Monday, April 5, 2010


Have you ever been alone? Not alone in terms of lonely but having a really peaceful mind of being alone..just you finding your own peace of mid. I found a really good writing about solitude from Zen Habits. I think it's really important for us to be alone with our peace of mind everyday, even for only 10-15 minutes a day. When you look up in a dictionary, you'll find some meanings of solitude:
  1. (a.) state of being alone, or withdrawn from society; a lonely life; loneliness.
  2. (a.) Remoteness from society; destitution of company; seclusion; -- said of places; as, the solitude of a wood.
  3. (a.) solitary or lonely place; a desert or wilderness.
The article below is more directed toward solitude in terms of having yourself withdrawn from society. You don't have to go someplace outside the city to find this place. You can even use your own room to find solitude. I believe that once you've come back from your "solitude" period, you'll be able to enter the society with a fresher mind =)

The Benefits of Solitude

The best art is created in solitude, for good reason: it’s only when we are alone that we can reach into ourselves and find truth, beauty, soul. Some of the most famous philosophers took daily walks, and it was on these walks that they found their deepest thoughts.

Just a few of the benefits from solitude:

  • time for thought
  • in being alone, we get to know ourselves
  • we face our demons, and deal with them
  • space to create
  • space to unwind, and find peace
  • time to reflect on what we’ve done, and learn from it
  • isolation from the influences of other helps us to find our own voice
  • quiet helps us to appreciate the smaller things that get lost in the roar

There are many more benefits, but that’s to get you started. The real benefi

ts of solitude cannot be expressed through words, but must be found in doing.

How to Find Solitude

You start by disconnecting.

Take every means of connecting with others, and sever them. Disconnect from email, from Facebook and Twitter and MySpace, from forums and social media, from instant messaging and Skype, from news websites and blogs. Turn off your mobile device and phones.

Turn off the computer … unless you’re going to use the computer to create, in which case, shut off the Internet, close your browser, and shut down every other program used to connect with others.

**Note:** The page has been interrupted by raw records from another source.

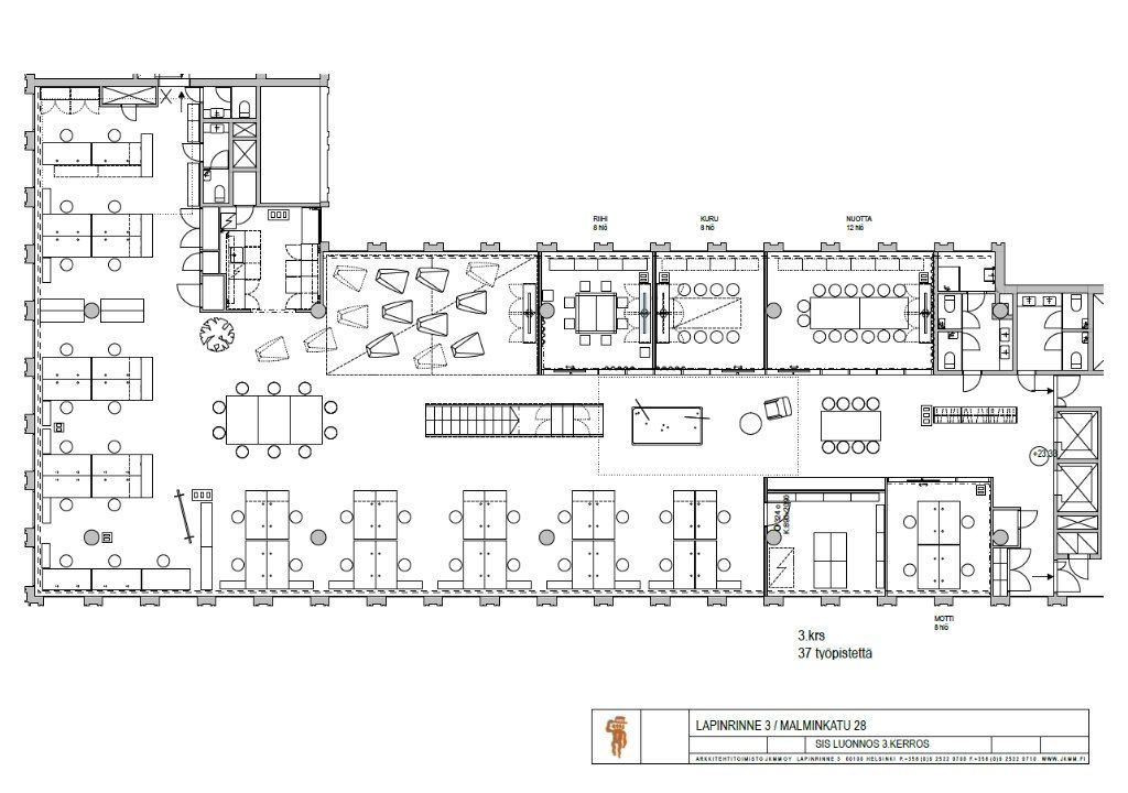 Vuokrataan erittäin laadukasta ja tasokasta toimistotilaa Kampista, vuokrattava tila on 3. kerroksen 525m2 toimistotila.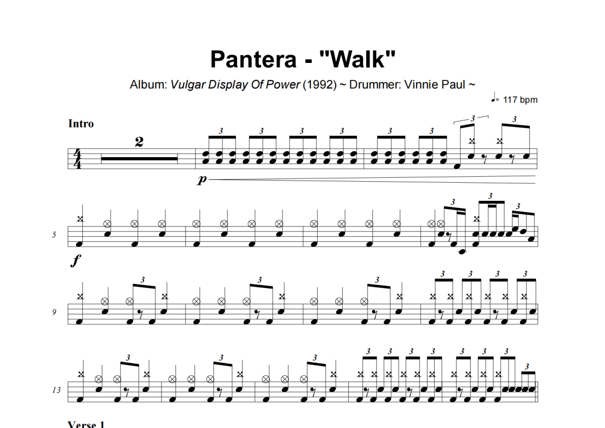 《Walk》是Pantera演唱的一首歌曲,拍号为4/4拍,这份架子鼓谱共有五张高清图谱,图谱由 @小虎鼓谱 编配上传,图谱使用五线谱编配,使用这份Walk架子鼓谱,你将能够轻松地敲打出这首Pantera的Walk,快来尝试吧。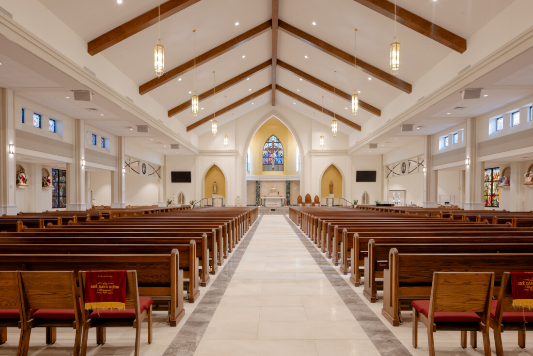 This project included removing and replacing the existing Sanctuary of the Vietnamese Martyrs Catholic Church, originally constructed in 1992. The new facility almost doubles the seating capacity and better accommodates the growing Vietnamese/American congregation at the parish. The façade is highly ornamented in recognition of the Church’s Vietnamese heritage, and the high-end interior finishes include marble flooring and wood trim throughout. Historic stained-glass windows and liturgical furnishings from the Archdiocese’s original Co-Cathedral were relocated and installed in the Sanctuary.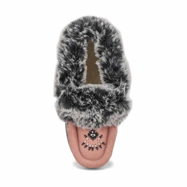 Girls Cute 6 Jr Faux Rabbit Fur Moccasin – Pink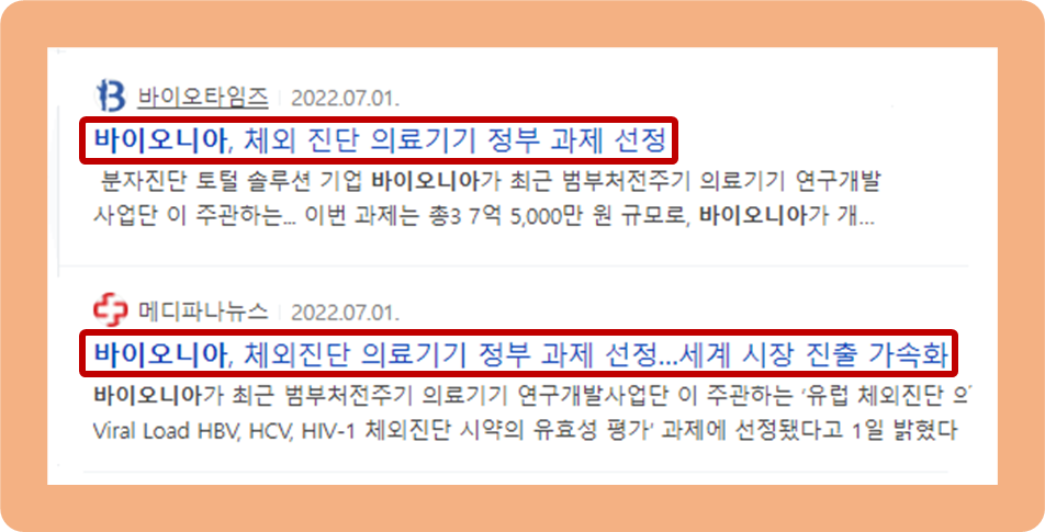 2022년 7월 1일, 범부처전주기 의료기기 연구개발사업단이 추진하는 "유럽 체외진단 의료기기 체외 진단 시약 유효성 평가" 과제에 바이오니아가 선정되었다는 소식이 발표되었습니다.
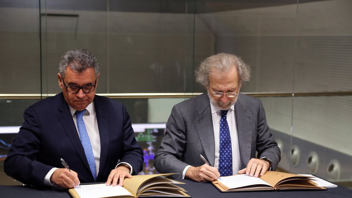 El director general de FEDA, Albert Moles, i el president d'Endesa Energia, Javier Uriarte, han signat un contracte perquè la parapública andorrana obtingui energia solar i eòlica durant deu anys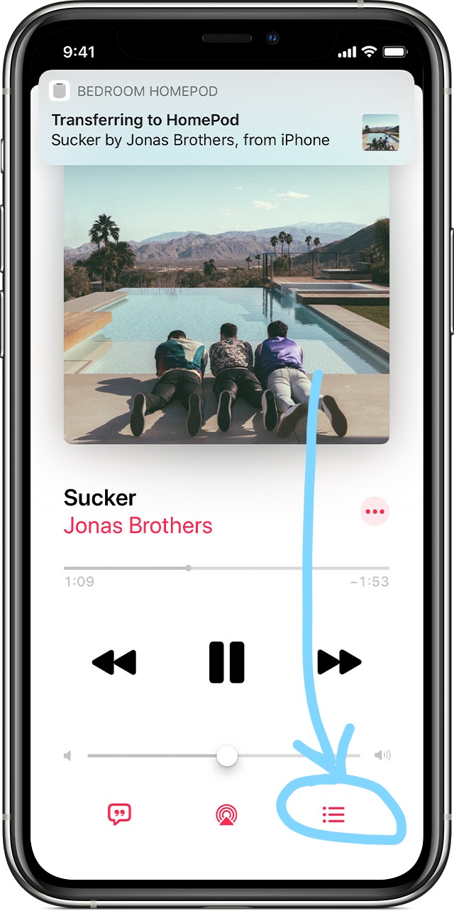 D'abord, assure-toi que ta bibliothèque musicale soit synchronisée dans iCloud ( ici ).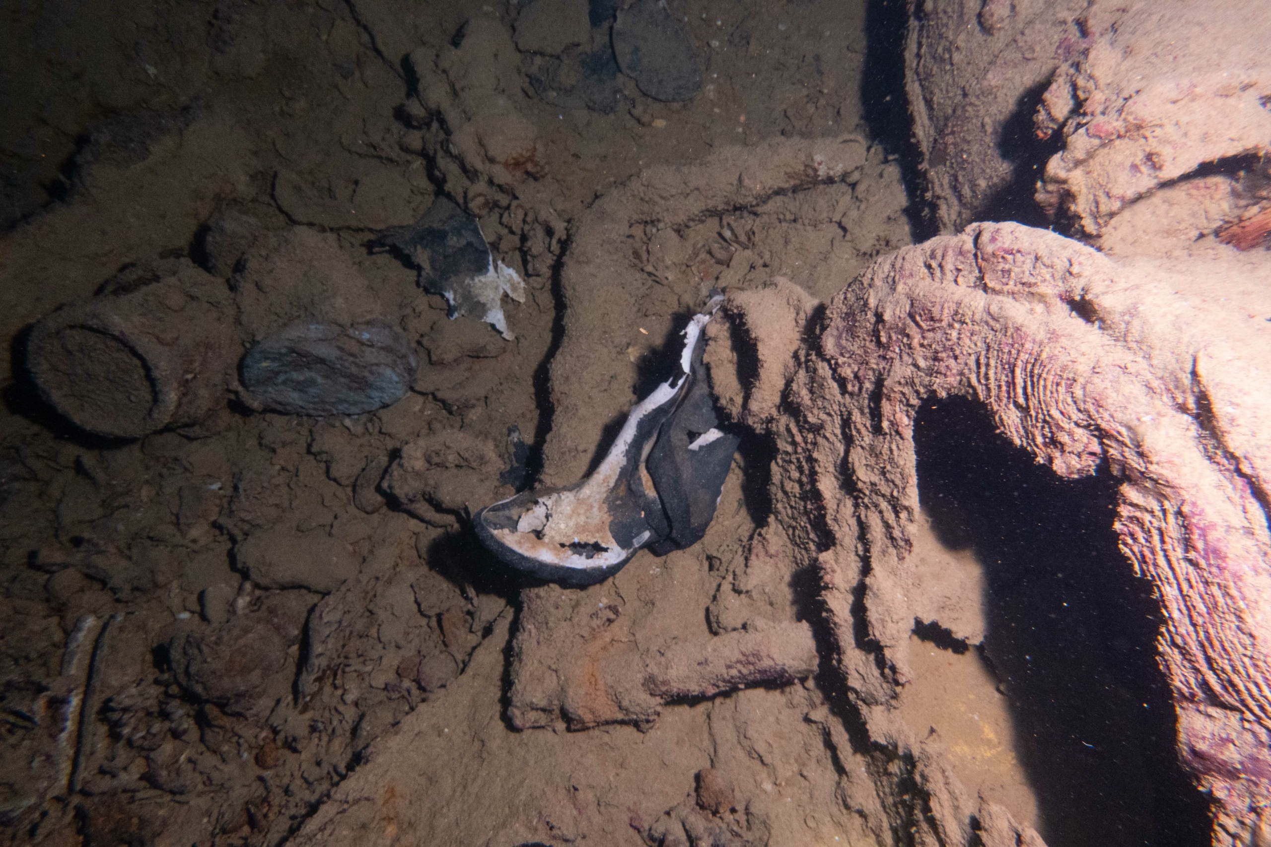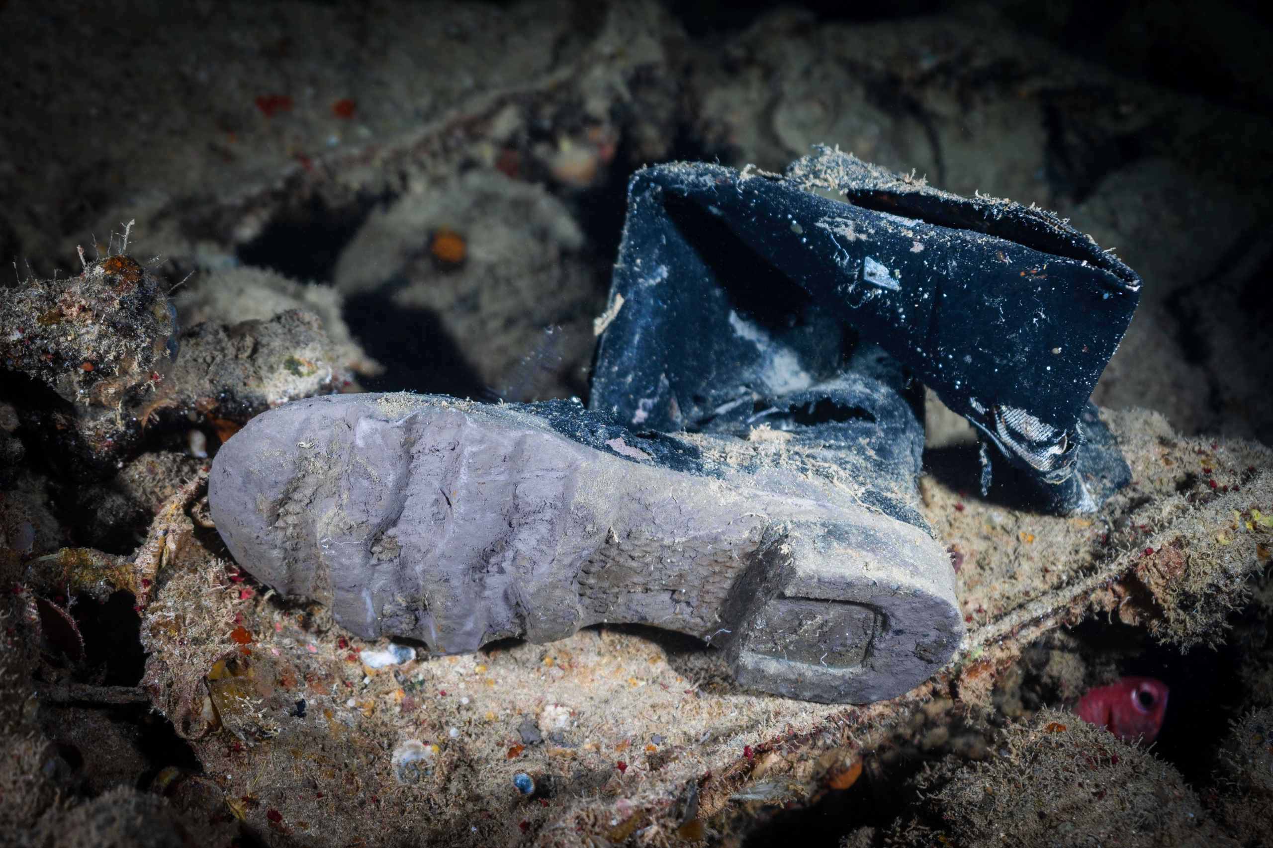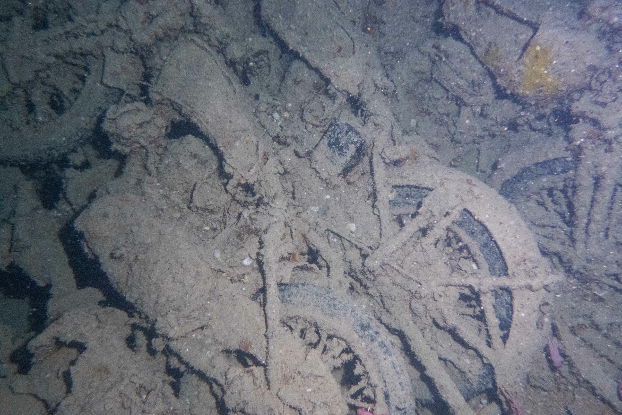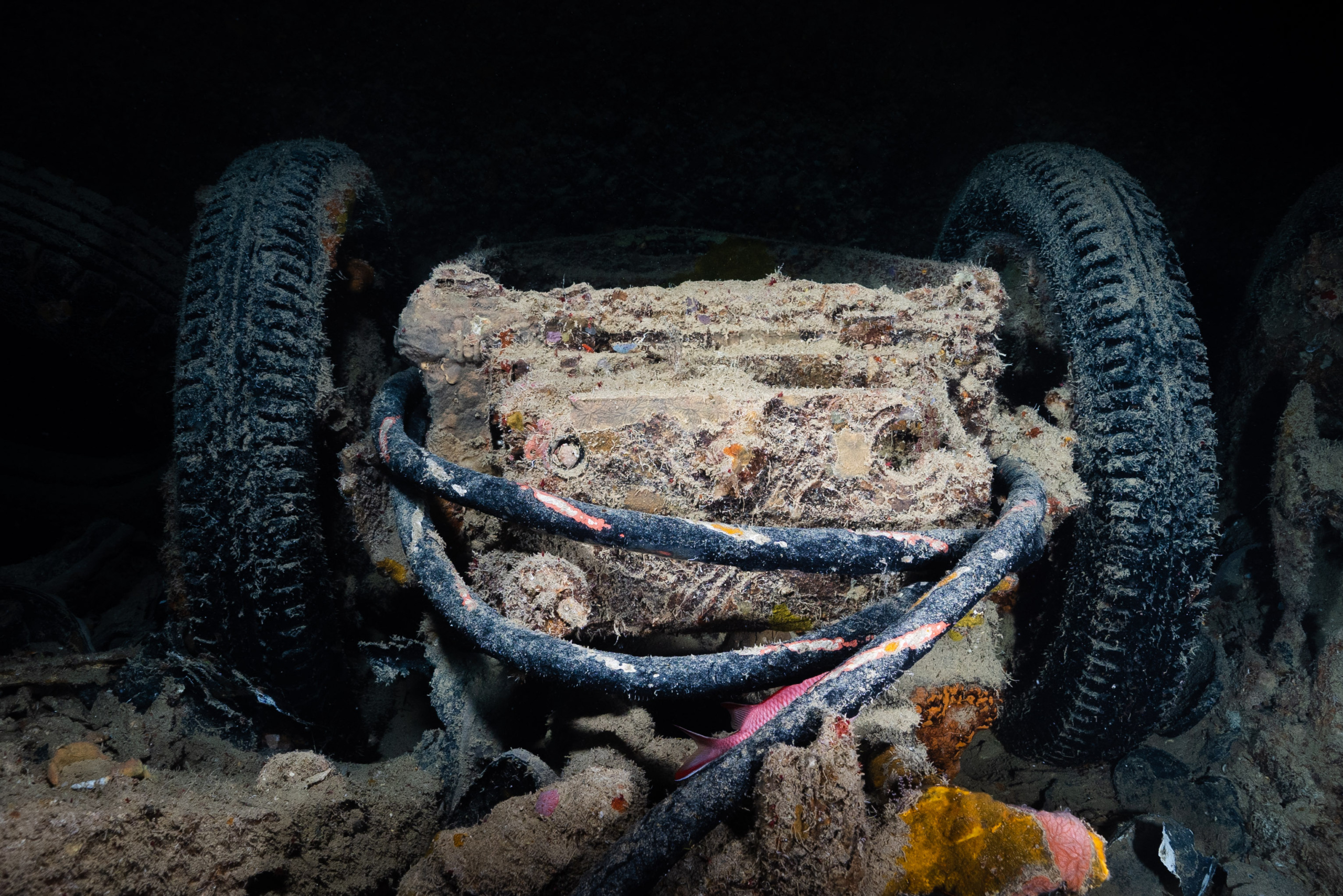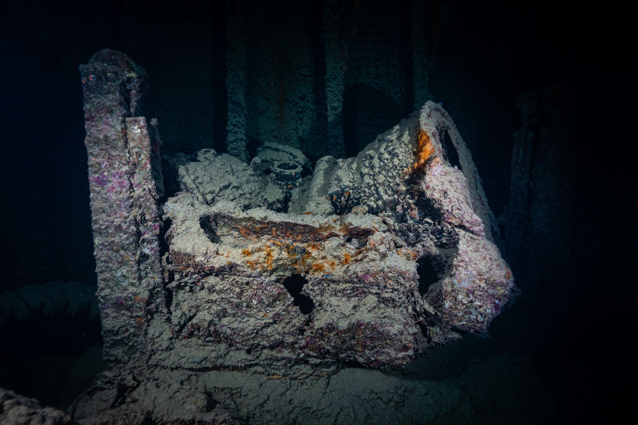 Auf diesem Tauchplatz herrscht eigentlich immer Strömung, weshalb man sich an einer Strömungsleine zum Wrack hinunterzieht. Mir wird nun klar wieso ich noch nie ein Bild der Thistlegorm von außen gesehen hatte – die Sicht ist ziemlich schlecht, überall fliegen Schwebeteilchen herum, das komplette Schiff ist absolut nicht sichtbar. Wir penetrieren es über die Löcher, die die Bomben hinterlassen haben und tauchen am untersten Deck in Richtung Bug. Dieses Deck ist ca. 3m hoch, es ist also genügend Platz. Wir sehen Motorräder, Lastwägen, Reifen, Schuhe, … Entgegen des Tauchplans gehen wir am Bug dann ins obere Deck hoch, scheinbar hatte Ellia genügend Vertrauen in unsere Tarierfähigkeiten, denn dieses Deck ist nur etwa 1.5m hoch, man muss also wesentlich besser auf die Tarierung Acht geben. Hier merke ich auch, dass ich noch nicht ganz so ein gutes Gefühl dafür habe wie groß die Flasche über meinem Kopf ist, ich bumpe ein paarmal mit der Flasche gegen die Decke. Gegen Ende werde ich ein bisschen nervös, ich hatte (wahrscheinlich durch die Aufregung) einen etwas höheren Luftverbrauch und habe durch die vielen Windungen und Türen schon vor einiger Zeit das Gefühl dafür verloren, wo wir uns im Wrack befinden. Doch kurz darauf erreichen wir das Ende und ich kann mit genügend Luftreserven aufsteigen. (Und selbst wenn nicht, Ingrid und Ines brauchen sowieso keine Luft, wir hatten also immer genügend Reserven mit 😛 )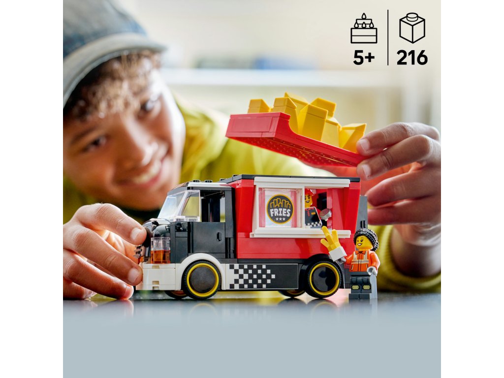 Vyberte si LEGO City – Pojízdné občerstvení s hranolky 60488 a dopřejte dětem zábavu, která kombinuje kreativní stavění, realistický design a městské scénky. Perfektní volba pro malé fanoušky LEGO City a gastronomických vozidel.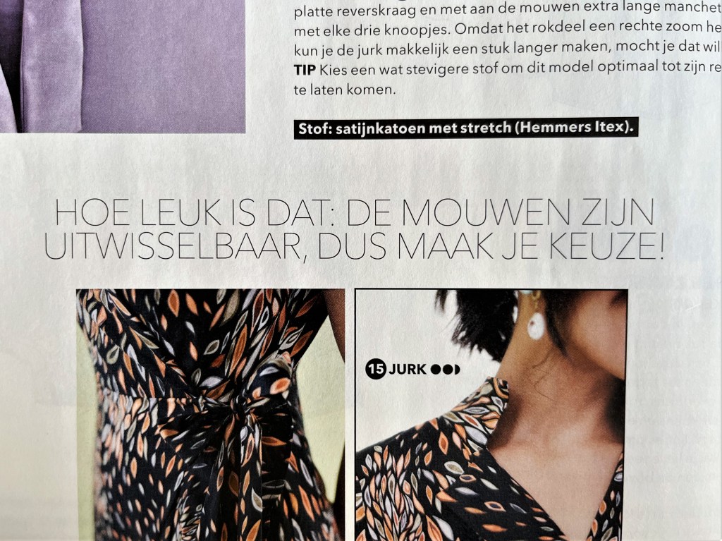 Ook tof in het magazine: je ziet hetzelfde kledingstuk vaak in verschillende variaties passeren op de foto’s, in andere stoffen of maten, waardoor je meer inspiratie krijgt. Maar je vindt er ook jurken waarbij de mouwen of de rok uitwisselbaar zijn, jasjes waarbij je kan variëren in kraag, mouwen, zakken… Heerlijk vind ik het om met dezelfde basis patroondelen een hele resem stuks te kunnen maken in andere stoffen en met andere details. Zo maakte ik onlangs een jasje uit Knip 8/22, waarbij ik zowat alles zelf samen kon puzzelen. Ik ben nu al aan het fantaseren hoe mijn volgende jasje eruit kan zien.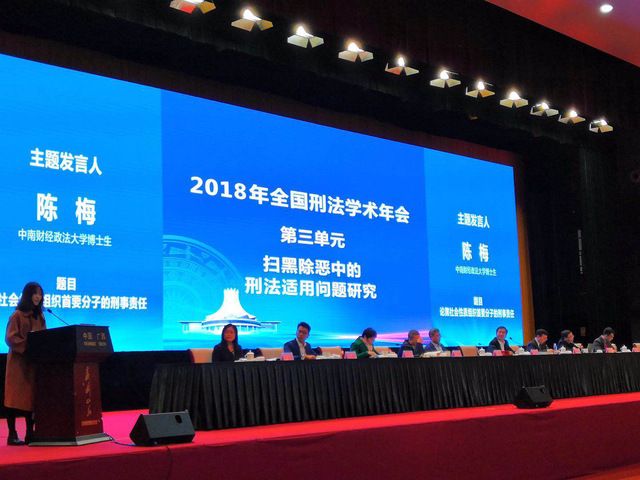 12月17日下午,在我院齐文远教授与中国刑法学研究会秘书长刘志伟教授共同主持的“扫黑除恶中的刑法适用问题研究”这一单元中,我院刑法学博士研究生陈梅作了题为《论黑社会性质组织首要分子的刑事责任》的主题发言。陈梅博士生从当前司法实践中黑社会性质组织首要分子刑事责任认定不一致的问题出发,就黑社会性质组织首要分子刑事责任的依据、范围与程度发表了自己的看法。
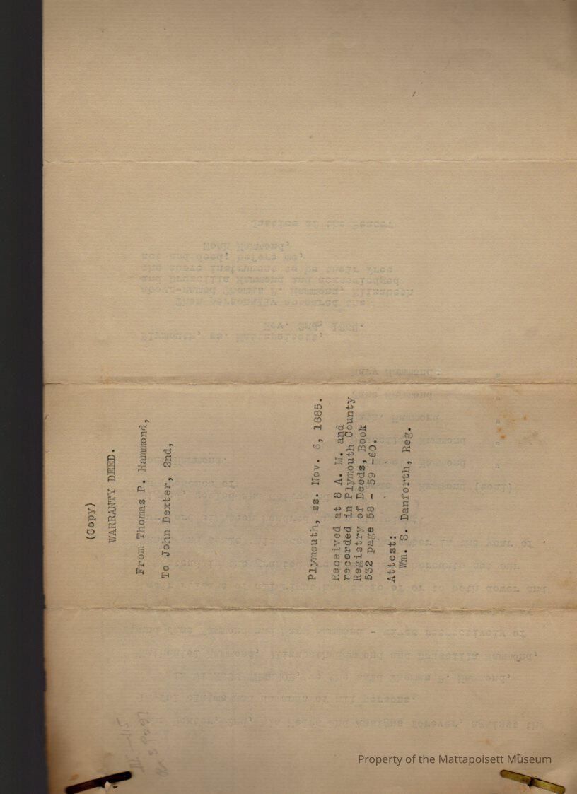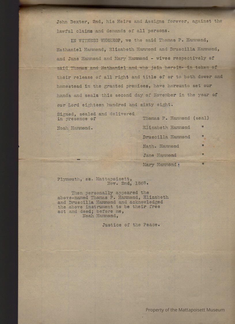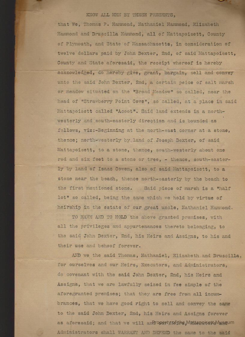 Thomas R. Hammond, Nathaniel Hammond, Elizabeth Hammond, Drucilla Hammond, Jane Hammond & Mary Hammond to John Dexter II, salt marsh/meadow in “Acoot” for $12. Copy.Collection
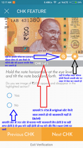 • आपको आपकी नोट में क्या क्या चेक करना हे वो आपको ये एप्लीकेशन में स्टेप बाय स्टेप बताया जायेगा तो आपको बस स्टेप जेसे जेसे एप्लीकेशन बताये वेसे चेक करते जाना हे और एप्लीकेशन में जो जो निशानी बतायी जाये उसी तरह आपके पास जो नोट हे उसमे आपको मैच करना हे और Next CHK से आगे बढ़ना हे और आपको सभी step ख़त्म करते जाना हे और आपकी नोट में उसे मैच करते जाना हे. (इस आप में जो लाइट और कैमरे का option दिया हे वो सिर्फ़ आपको देखने के लिये दिया गया हे. आप एसा न समजे के कैमरे से स्कैन करे और आटोमेटिक नोट असली हे के नकली उसके बारे मे नहीं जान सकते हो. ये एप्लीकेशन में आपको जो निशानी बताई जाये आपको खुद से आपके नोट में चेक करना हे.)

The next steps depend on which of two strategies you use:

1. Holing yourself up. This can be done in your office, by shutting the door and/or using headphones and the calming music of your choice. If possible, let coworkers know you can’t be disturbed during a certain block of your day. Or it can be done at home, by finding a quiet space, shutting the door if you can, or using headphones. The key is to find a way to shut out the outside world, including co-workers or those who live with you.

2. Getting away. My favorite way to find solitude, actually. Get out the door, and enjoy the outdoors. Take a walk, find a park or a beach or a mountain, find a quiet coffee shop, find a shady spot to rest. People watch, or nature watch.